ByMARTHA WAGGONER AP logo
Tuesday, January 20, 2015
This image made available by the British Museum shows a map named "La Virginea Pars" painted by explorer John White between 1585-1586.
This image made available by the British Museum shows a map named "La Virginea Pars" painted by explorer John White between 1585-1586.
AP Photo/British Museum-AP

RALEIGH -- A clue discovered just a few years ago on a centuries-old map has led researchers back to a North Carolina site in hopes of discovering whether the men, women and children of North Carolina's "Lost Colony" settled there.

"If we were finding this evidence at Roanoke Island, which is the well-established site of Sir Walter Raleigh's colony, we would have no hesitation to say this is evidence of Sir Walter Raleigh's colonies," said Phil Evans, president of the First Colony Foundation. "But because this is a new site and not associated with Sir Walter Raleigh, we have to hesitate and ask questions and learn more. It's not Roanoke Island. It's a new thing, and a new thing has to stand some tests."

In 2012, researchers with the foundation and the British Museum announced they had found a tantalizing clue about the fate of the Lost Colony, the settlers who disappeared from Roanoke Island in the late 16th century. The clue was on the "Virginea Pars" map of Virginia and North Carolina created by explorer John White in the 1580s and owned by the British Museum since 1866.

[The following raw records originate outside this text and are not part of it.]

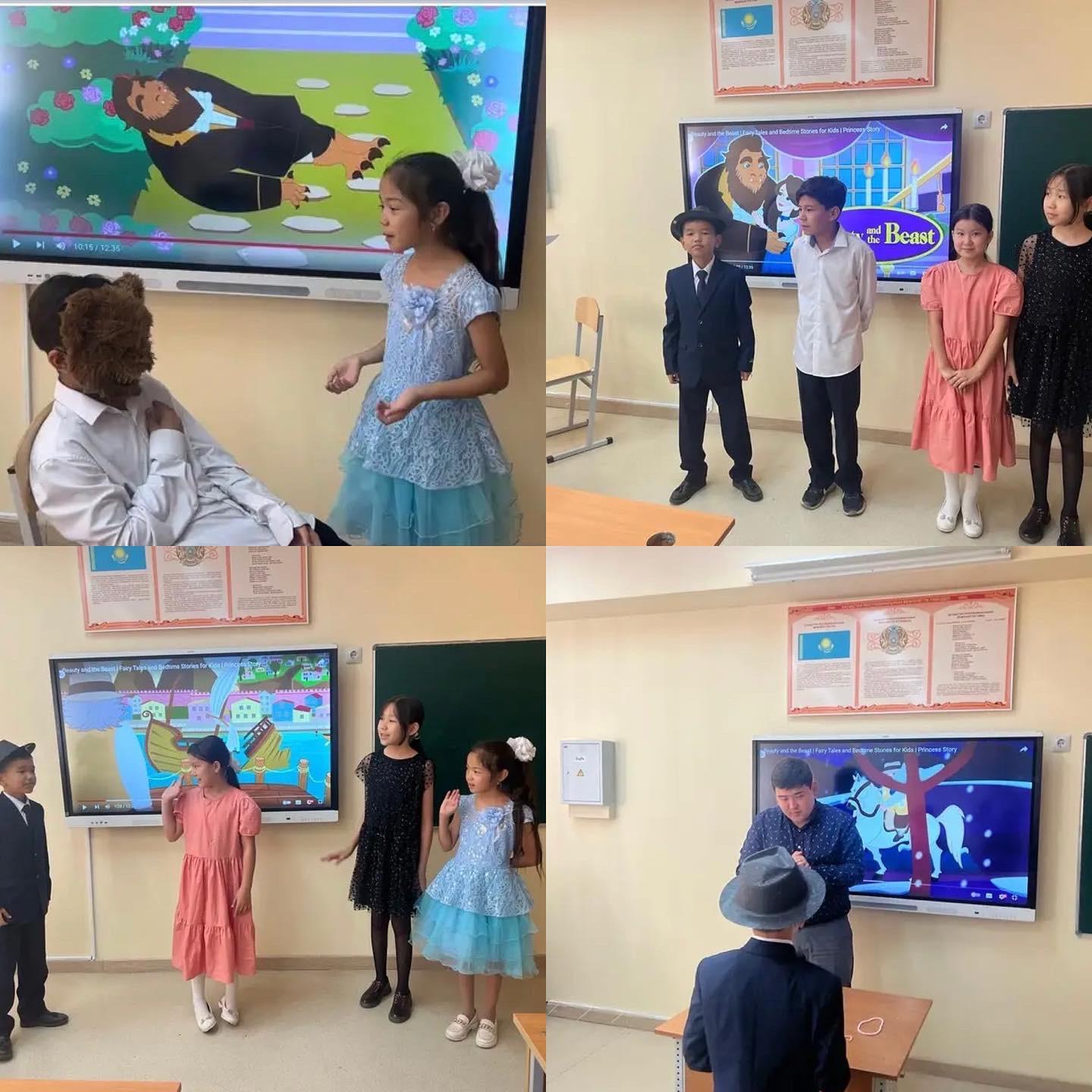«Өзге тілдің бәрін біл, өз тіліңді құрметте» атты тілдер мерекесіне арналған апталықтың жоспары бойынша 5-6 сынып оқушыларымен «The main heroes Fairytales» тақырыбында ағылшын тілі пәні мұғалімдері А.Аққұлы, А.Исаев сыныптан тыс іс-шара өткізді.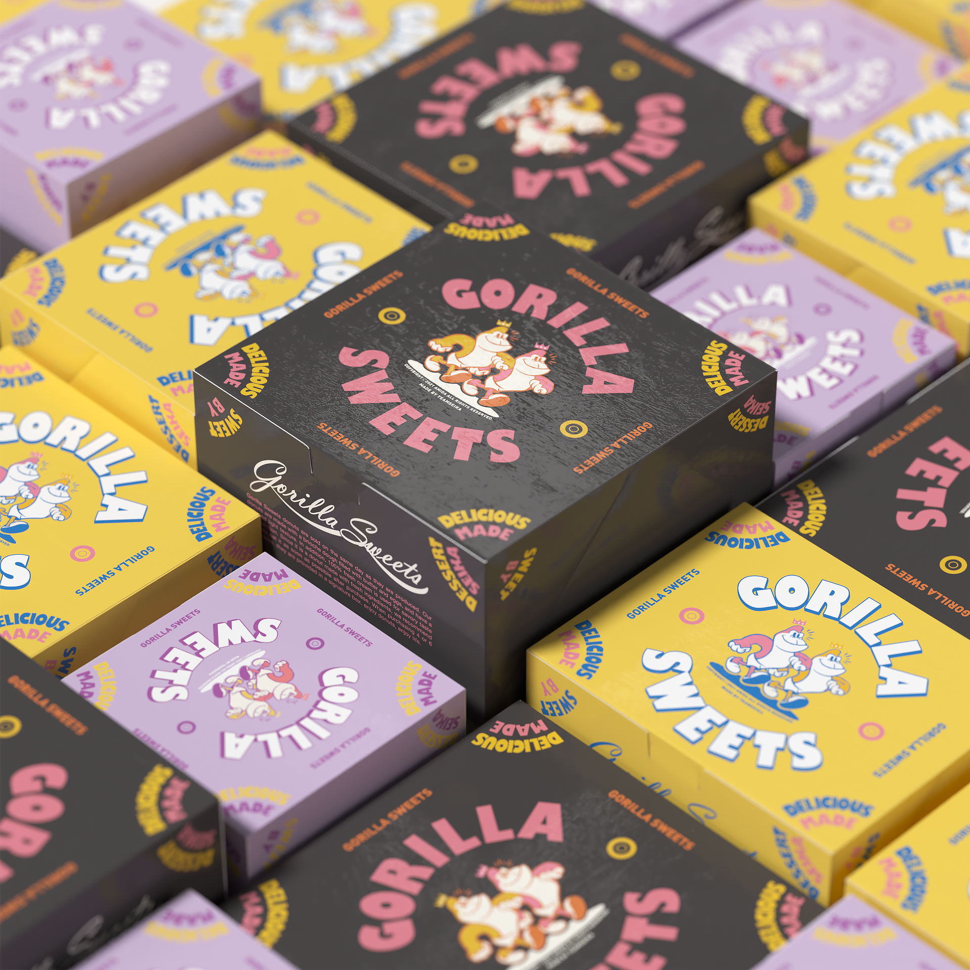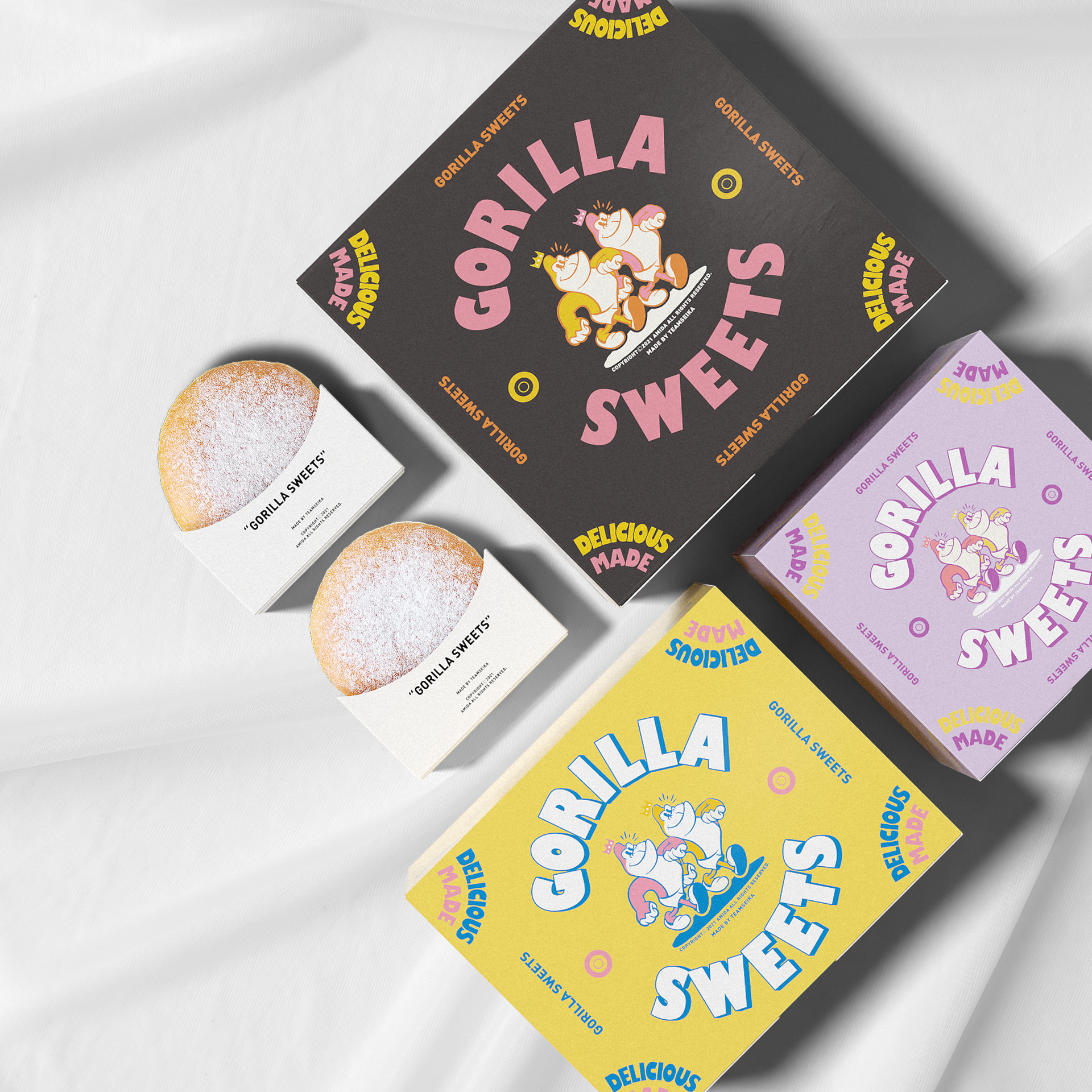 컨셉은 '귀엽고 트렌디한 고릴라가 전달하는 달콤한 즐거움'입니다. 젊은층이 좋아하는 복고풍 디자인 트렌드를 반영하여 레트로한 느낌과 고릴라 캐릭터의 유쾌함을 결합했어요. 다양한 색상의 박스 디자인을 통해 제품의 다양성과 풍성함을 보여주고, 고릴라 캐릭터는 브랜드의 아이덴티티를 확고히 하는 역할을 합니다.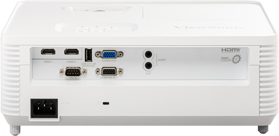 Viewsonic PA700W. Projector helderheid: 4500 ANSI lumens, Projector native resolution: WXGA (1280×800), Typische contrastverhouding: 12500:1. Type lichtbron: Lamp, Levensduur van de lichtbron: 4000 uur, Levensduur van de lichtbron (besparingsmodus): 12000 uur. Focus: Handmatig, Brandpuntbereik: 21.85 – 24 mm, Diafragma (F-F): 2,41 – 2,53. Formaat analoog signaal: NTSC, PAL, SECAM, Ondersteunde grafische resoluties: 640 x 480 (VGA), 1920 x 1080 (HD 1080), Ondersteunde video-modi: 480i, 480p, 576i, 576p, 720p, 1080i, 1080p. Soort serieële aansluiting: RS-232, HDMI-connector type: Volledige grootte, Type onderhoudspoort: USB Type-A

Attached to the map were two patches, one of which appeared to correct a mistake on the map. The other - in what is modern-day Bertie County in northeastern North Carolina - hid what appears to be a fort. Another symbol, appearing to be the very faint image of a different kind of fort, is drawn on top of the patch.

The American and British scholars believed the fort symbol could indicate where the settlers went.

The map prompted archaeologists with the foundation to re-examine artifacts they had found years earlier on private land near the site. That re-examination encouraged them to dig for more artifacts in 2012 and then again in 2014, said Nicholas Luccketti, an archaeologist who has surveyed and excavated Virginia sites since 1974 and has been on the foundation board since its inception in 2006.

Although they haven't found a fort, they have found enough artifacts of the correct time period to cause excitement, he said. "It's fair to say it's a site of very great interest to us," he said, adding the owner is cooperating with the dig on land near the confluence of the Chowan and Roanoke rivers in the western Albemarle Sound.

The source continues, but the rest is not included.